Scottish whisky was introduced to the British raj in India in the nineteenth century. The first distillery in India was founded by Edward Dyer at Kasauli in the late 1820s. The distillery was relocated to nearby Solan (close to the British summer capital Shimla), as there was an abundant supply of fresh spring water there. In 1823, the UK passed the Excise Act, legalising distillation (for a fee), and this put a practical end to the large-scale production of home distilled whisky.
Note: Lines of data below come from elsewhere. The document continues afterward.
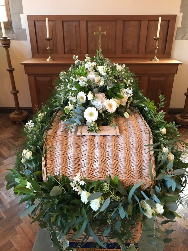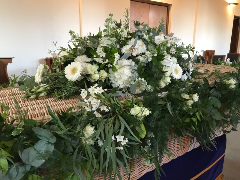 A selection of white flowers including roses and Lisianthus arranged in a loose garden style using a mixed selection of beautiful seasonal foliage.
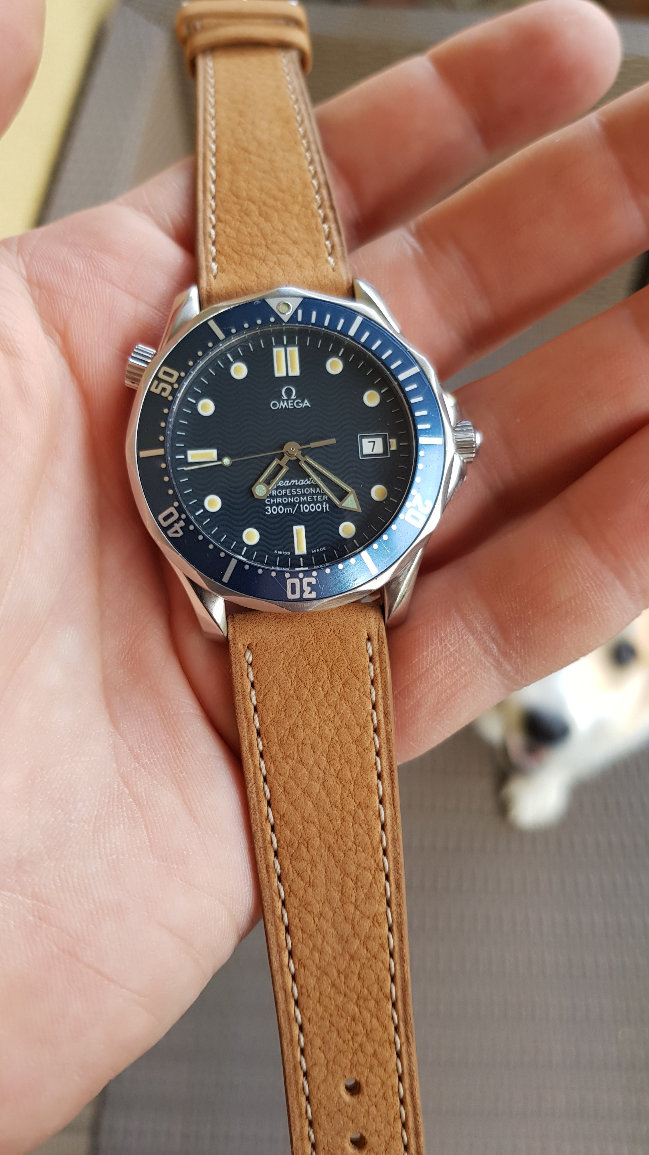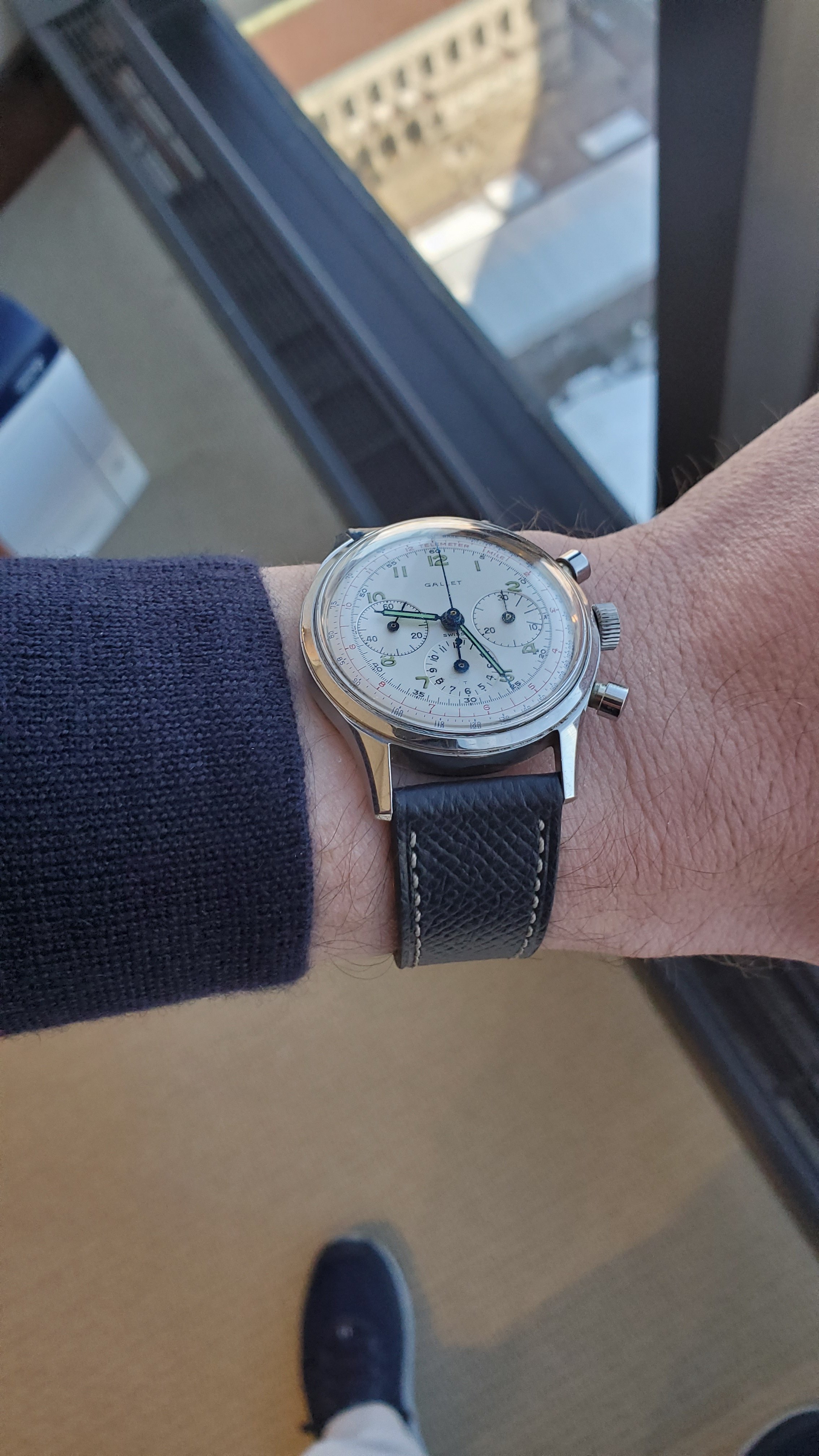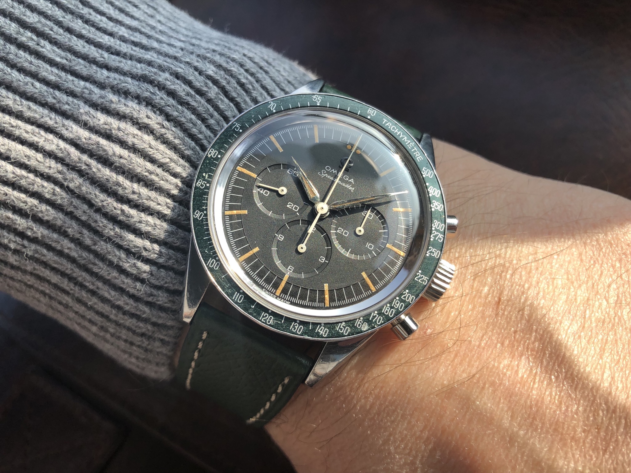 I've got it paired with a vintage jumbo Tissot, and the green strap seems to be happy cohabiting with the watch, especially the gold numerals (at least to me!)
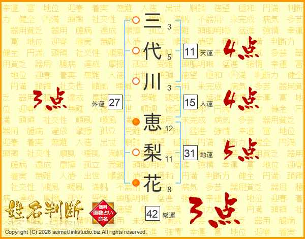 三(3画)代(5画)川(3画) 恵(12画)梨(11画)花(8画)
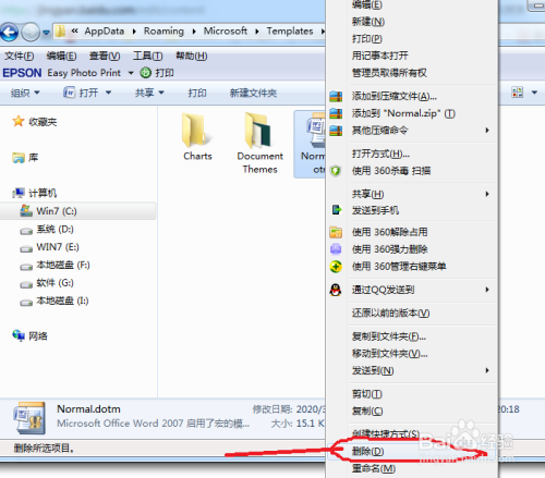 然后在打开系统C盘,在C盘的Documents and Settings\Administrator\application data\microsoft\templates中找到“Normal"文件,将其删除。
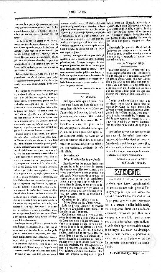 O Mercantil, edição nº 164, de 10 de julho de 1852, página 4
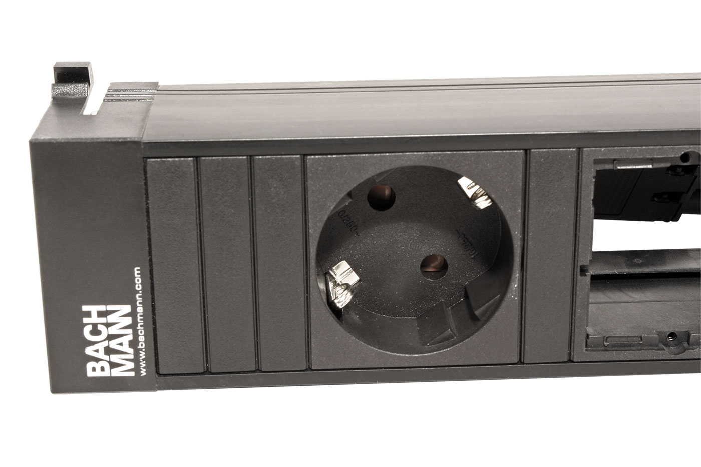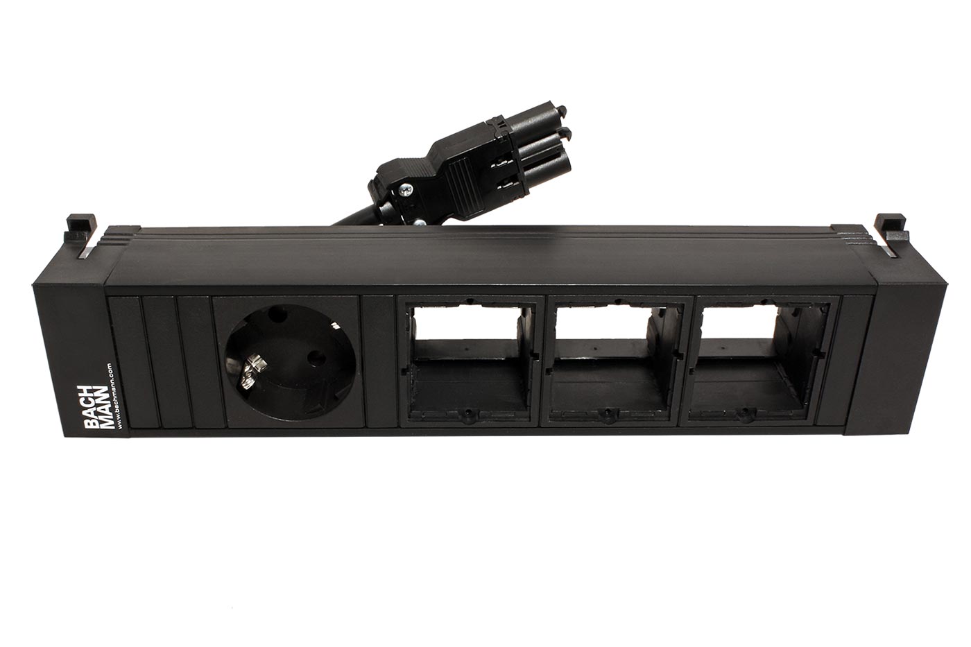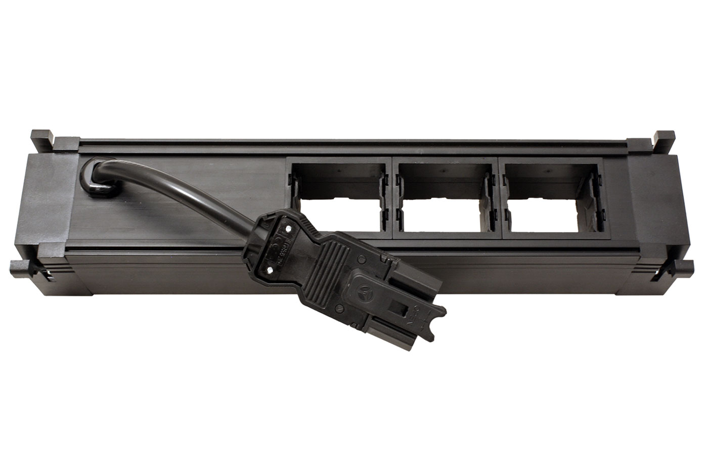 Box se 1 napájecí zásuvkou (DE) a 3 volnými pozicemi, určený pro montáž do středního rámu systému POWER FRAME.

In 1831, Aeneas Coffey patented the Coffey still, allowing for a cheaper and more efficient distillation of whisky. In 1850, Andrew Usher began producing a blended whisky that mixed traditional pot still whisky with that from the new Coffey still. The new distillation method was scoffed at by some Irish distillers, who clung to their traditional pot stills. Many Irish contended that the new product was, in fact, not whisky at all.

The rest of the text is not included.